Where, for readability purposes, there are functions that operate on a bunch of variables. However,usually one hears that when there are lots of variables, one should use some class to make the code cleaner, like the following:

function foo!(input_struct) # input structs in corporates variables a - k
    bar!(input_struct)
    baz!(input_struct)
end

But that, in my specific use case, has slowed the function down quite a bit, therefore I’m looking for alternatives. Of course, it’s all for readability’s sake only. I’ve tried in the past to use something like the following:

function foo!(a,c,f,constants) # constants is some named tuple of variables that don't get mutated at all
    bar!(a,c,f,constants)
    baz!(a,c,f,constants)
end

But not only did I find it to even be a bit more confusing, it slowed the code down slightly. Benchmarking that function on an input used to average at 1 ms, but using the named tuple slowed it down to an average runtime of 1.3 ms (no GC time)

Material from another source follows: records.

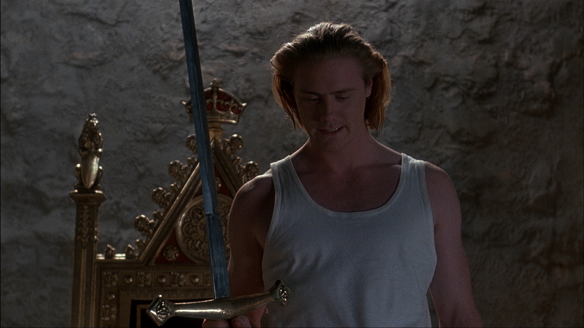 Fine Line, Jarman had his biggest theatrical release in the U.S. with his next film, Edward II, an adaptation of Christopher Marlowe's tragedy about the turmoil begun when the titular king (Waddington) brings his exiled lover, the lower class Gaveston (Tiernan), back into the fold and grants his privileges that displease those around him. Chief among his enemies during the power struggle are Edward's wife, Isabella (Swinton), and military leader Lord Mortimer (Terry), who becomes her lover. Meanwhile Edward and Isabella's neglected son becomes a pawn in the feud, with a darkly poetic outcome in store. Jarman's vision places the drama in a stark, spare setting of gray walls and dark lighting, with modern elements added like recurring Outrage gay rights activists and, in one of the most memorable scenes, an appearance by Annie Lennox singing "Ev'ry Time We Say Goodbye."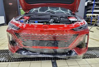 В работе применяем полиуретановую пленку NAR, толщиной 190 микрон. Эта пленка обладает функцией самовосстановления небольших царапин при высокой температуре. Клиент выбрал для своего автомобиля пакет Трасса, что подразумевает оклейку передней части кузова и оптики.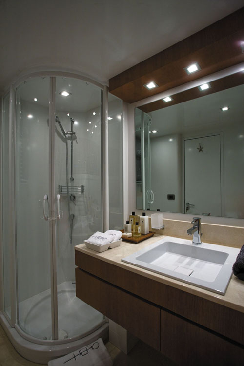 Luxury Motor Yacht HERO offers accommodation for ten guests in five staterooms, each with private ensuite facilities.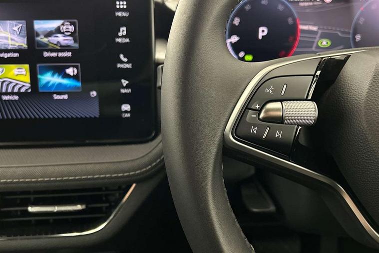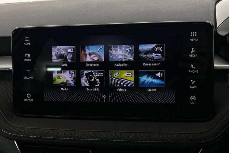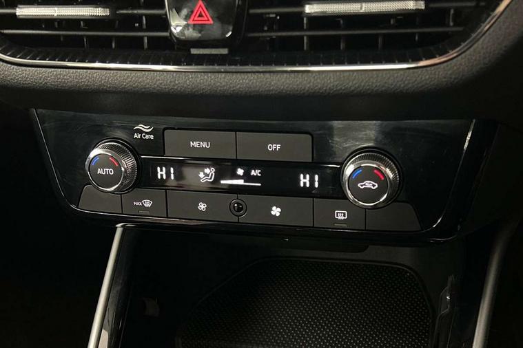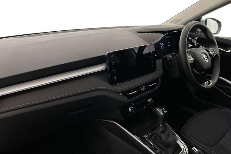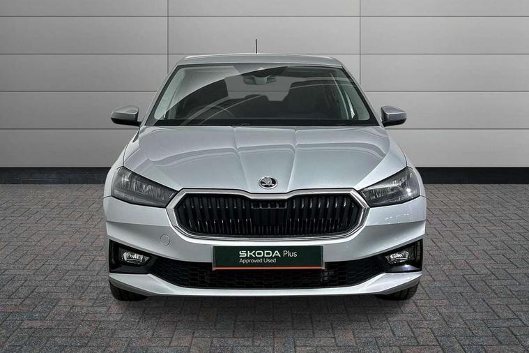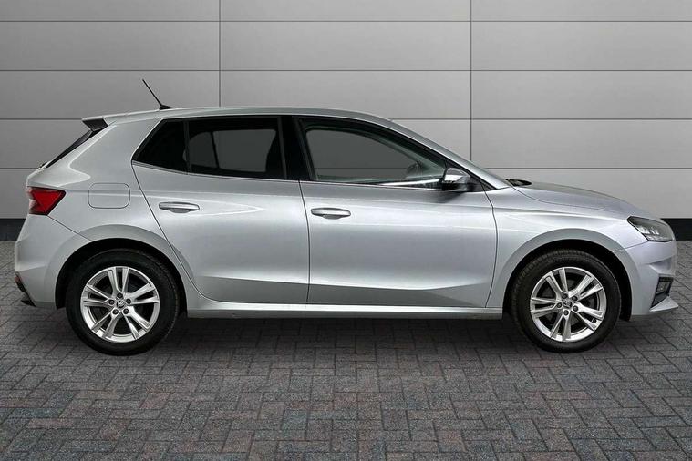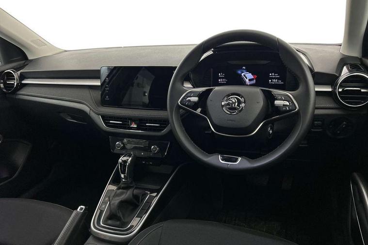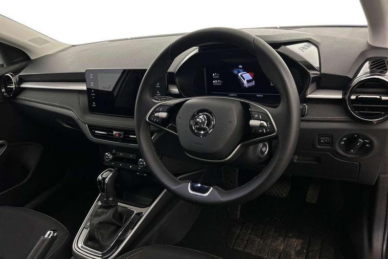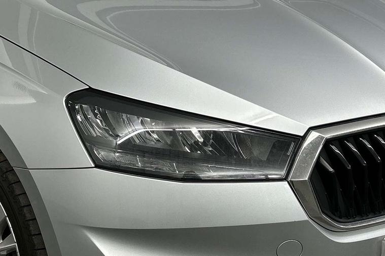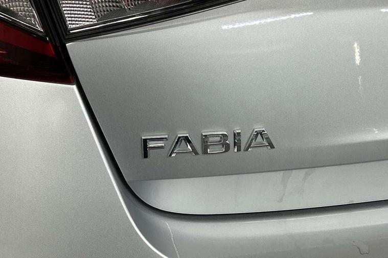 Advanced driver attention and drowsiness monitor, Bluetooth connection, Electromechanical power steering, Exterior temperature gauge, Service interval indicator, Traffic sign recognition, Virtual cockpit with 10.25" colour display, Wireless SmartLink for Apple CarPlay and Android Auto, 6 Speakers (4 in front and 2 in rear), 9.2" colour display skoda navigation system with voice control and web radio, Auxiliary socket for external MP3 player, DAB digital radio reception, Auto dimming rear view mirror, Body colour door mirrors, Body coloured bumpers, Chrome window surround, Door mirror integrated indicators, Front and rear electric windows, Front window wiper intermittent control, Headlight range control - Automatic, Ice scraper in fuel cap, LED daytime running lights with coming and leaving home feature, LED rear lights, Privacy glass, Rear LED fog light, Rear side wing doors, Rear window wiper with washing nozzles, Roof mounted spoiler, SKODA tailgate lettering in chrome, Third brake light, 2 reading lights in front and 2 reading lights in rear, 3 rear headrests, Backrest split and folding, Central console with removable cup holder and storage box, Chrome handbrake release button, Comfort seats, Door sills with fabia badging, Dual zone air conditioning with climatronic electronic control, Fabric upholstery, Front centre armrest, Gearshift knob/handle in leather, Hand brake lever handle in leather, Height adjustable front headrests, Height adjustable front seats, Height adjustable steering wheel, ISOFIX and TopTether anchorage points to the outer rear seats, ISOFIX and TopTether on the front passenger seat, Luggage compartment lighting, Manually adjustable lumbar support in front seats, Metallic grey interior door handles, Pollen filter, Rear seat bench unsplit, Single front passenger seat, Storm grey headlining, Sun visors with mirror and airbag label on passenger side, Textile floor mats, Ticket holder, Umbrella in drivers door, 3-point height adjustable front seats belts with pretensioner and force limiter, Automatic warning lights in case of crash, Driver and passengers airbag with switch off function, e-Call+, ESC including ABS, MSR, ASR, EDS, HBA and XDS, Front and rear seat belt warning, FRONT ASSIST (AEB City and AEB Inter Urban), Front side airbags, Head airbags, Hill hold control, One tone horn, Pedestrian protection, Three rear 3-points safety seat belts with pretensioner and force limiter including stop function for outer rear seat belts, Tyre pressure monitoring system, Anti-theft alarm system including immobiliser, interior monitoring, backup horn, and towing protection, Central locking with radio remote control, interior controls, SAFE function and 2 foldable keys, Chrome edged air vents, Metallic grey central console cover, Metallic grey upper decorative trim, Satin black door and side trim panel in front, Textile microsuede grey lower decorative trim with art grey stitching, Anti-theft wheel bolts protection, Super-low rolling resistance tyres,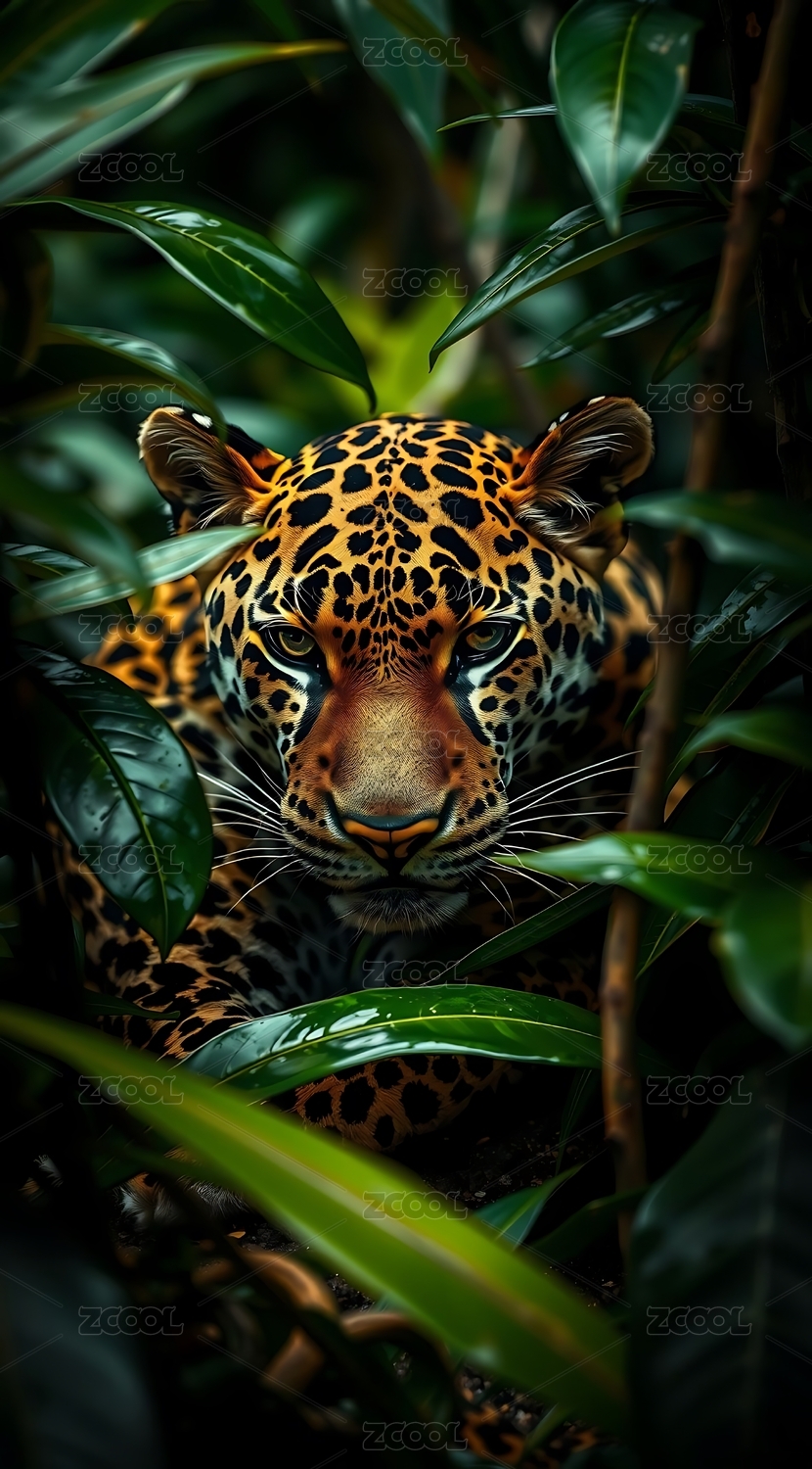 丛林中的豹子凝视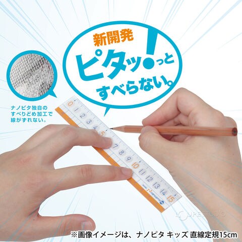 子供が使うことを考えたキッズタイプのナノピタ定規。ナノピタだから、すべらない。

Now, I may have accidentally ommitted other factors which could’ve slowed the code down the second time round, but I just wondered if there’s a more “aesthetically elegant” way to write the code.

That link doesn’t work for me.

Structs (no matter whether they’re mutable or not) are not inherently slower than individual variables, so that’s surprising to hear. How did you measure and what was the observed slowdown? If the effect is real, that should certainly be investigated.

Are you certain this is not a measurement uncertainty?

The first two examples don’t match, input_struct in the 2nd example is replacing 3 different sets of variables in the 1st. If your methods don’t often share some combinations of arguments, it’s not worth refactoring them to structs because you’d need arbitrarily many structs to compile the methods for. In fact your first example is far more readable because you don’t have to look up what variables are in input_struct down the line. The only utility of a composite instance might be for a user to store input data in for reuse. Then whenever they need to rerun a method, they can just splat foo!(input_tuple...).

The most probable reason is incomplete type specifications in the struct definition.